Although in 2008 Baseball America projected Venable as an every day starter for the Padres in 2010, some experts questioned whether he would be a long-term solution in center field for the team. Venable started the 2009 season with the Padres' Triple-A affiliate, Portland Beavers, but he was recalled by the Padres on June 3. His father, Max, served as the Beavers' hitting coach in 2009. Following the July 5 trade of Scott Hairston to the Oakland Athletics, Venable shared right field with Kyle Blanks. On July 12 against the San Francisco Giants, he had his first home run of the season in his first career four-hit game. Between July 30 and August 5, he homered in five of seven games. In an August 23 game against the St. Louis Cardinals, he was involved in a bench-clearing incident when Albert Pujols thought he threw an elbow while being tagged out. In 2009, he posted 12 home runs and tallied 38 runs batted in (RBI), while defensively 493.2 of his 643 innings were spent in right field and only 117 in center field.

In 2010, he finished 8th in the National League in triples (7), and 9th stolen bases (29). He executed some delayed steals by taking off with the toss back to the mound "when neither infielder is covering second and the catcher is nonchalant with the ball after receiving the pitch". On May 19, Venable moved into the lead off position in the lineup and he fell a home run shy of the franchise's first cycle against the Los Angeles Dodgers, going 4-for-5 at the plate after getting a triple in the 1st inning and a double in the third. On June 23, 25 and 27, Venable hit tie-breaking home runs in Padre victories against the Florida Marlins and Tampa Bay Rays. On July 3, he went on the 15-day disabled list due to back problems. On September 29 against the Chicago Cubs, he stole two potential home runs (from Alfonso Soriano and Aramis Ramírez) on deep fly balls. In the game, he achieved his career-high 10-game hitting streak. He also led National League outfielders with 5 errors. He set new career-highs with 13 home runs and 51 RBI. Again, the majority of his innings were in right field (600.1 of 936.1 innings). He split his remaining time between left field (171.2) and center field (164.1).

In 2011, Venable started slowly, hitting only .205 in April and was eventually optioned to the Tucson Padres on May 23 before being recalled on June 9. At the time of his demotion, he had no home runs and a .224 batting average in 134 at-bats. He was recalled after going 16-for-58 with 3 doubles, 3 triples, 3 home runs and 3 stolen bases in 14 games. In one minor league game on May 27 he homered twice against the Salt Lake Bees.

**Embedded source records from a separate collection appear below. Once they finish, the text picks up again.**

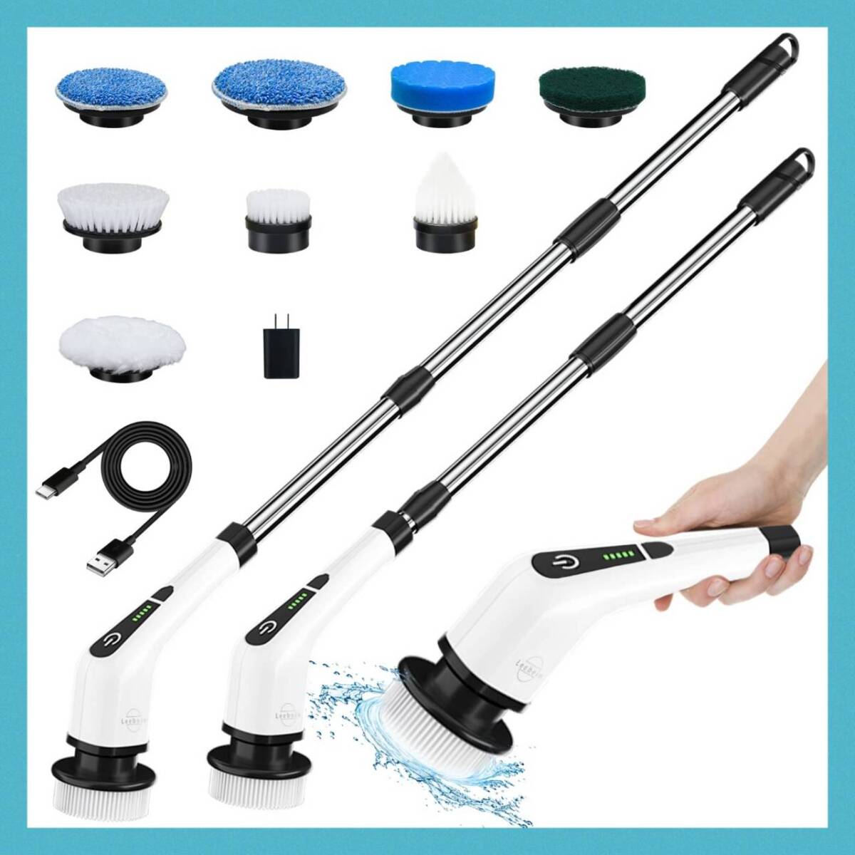 - コードレス電動お掃除ブラシ 伸縮タイプ ヘッド3種類対応
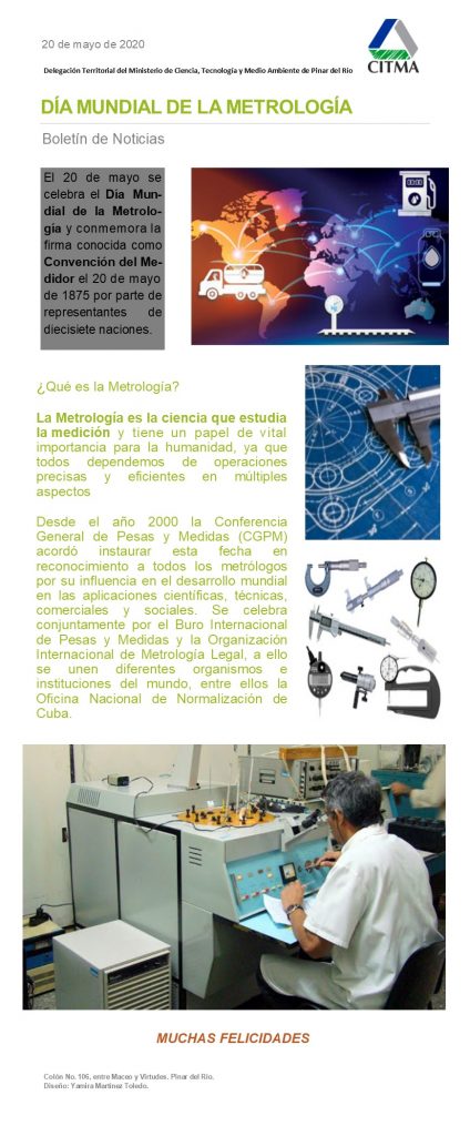 Día Mundial de la Metrología Deja un comentario / Boletines / Por Yamira Martinez Toledo otnDescarga Descargar en PDFImprimir Autor Yamira Martinez Toledo Ver todas las entradas
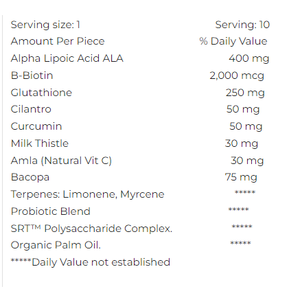 NeuroPurge™ – a brain detox system that utilizes ALA, glutathione, and more, along with probiotics and SRT™ for sustained release. The Andy Cutler Chelation Protocol is designed to keep ALA circulating continuously over a series of consecutive days, alternating with days on and off. Binders should be taken while using NeuroPurge™ to capture toxins in the gut as they are purged from the nervous system. NeuroPurge™ can maintain blood levels for up to 7 days hours.
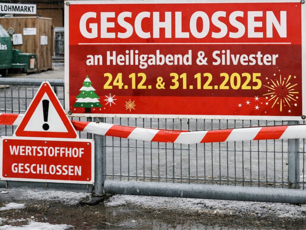 Das Wertstoffzentrum in Warngau bleibt an Heiligabend (24.12.2025) und an Silvester (31.12.2025) ganztägig geschlossen. Betroffen sind Wertstoffhof, Problemmüllannahme, Flohmarkt sowie die Verwaltung des VIVO Kommunalunternehmens.

On July 20, Venable scored 3 times in the first two innings as the Padres jumped out to a 13–0 lead against the Florida Marlins. In late July, he missed a few games due to back spasms. On August 10 against the New York Mets, Venable had four hits again missing the cycle by a home run when he posted a second double in a ninth inning at bat. On August 21, Veneble delivered a lead off home run and the game-winning bases-loaded walk-off hit on Trevor Hoffman Day. On September 28, he got his first grand slam home run against the Chicago Cubs off of Ryan Dempster. For the season, his totals dropped to 9 home runs and 44 RBI with the Padres, and he again totaled 7 triples, this time finishing 10th. He played 662.2 of his 793.2 innings in right field.

2012–2015
In 2012, Venable and Chris Denorfia formed a platoon in right field, with Venable getting most of the starts against right-handed pitchers and batting .270 against them.  Venable made 80 starts in right, but appeared in a then-career-high 148 games for the year.  When not starting in right, he made occasional starts in center and left field and made 26 pinch-hitting appearances.  On May 15, 2012, Venable had a single, double and triple by the fourth inning against the Washington Nationals, but his 4-hit effort again fell short of the franchise's cycle. On May 23, Venable had his sixth career lead off home run and added a single in the second inning and a double in the fourth against the St. Louis Cardinals. He ended up one hit shy of the cycle for the fifth time, this time a triple. On June 3, Venable suffered a strained oblique muscle and left the game, missing four more games with the injury.  Venable finished the year batting .264 with 9 home runs and 45 RBI.  He collected 8 triples, finishing 9th in the league, and also committed 7 errors, tied for first among NL outfielders.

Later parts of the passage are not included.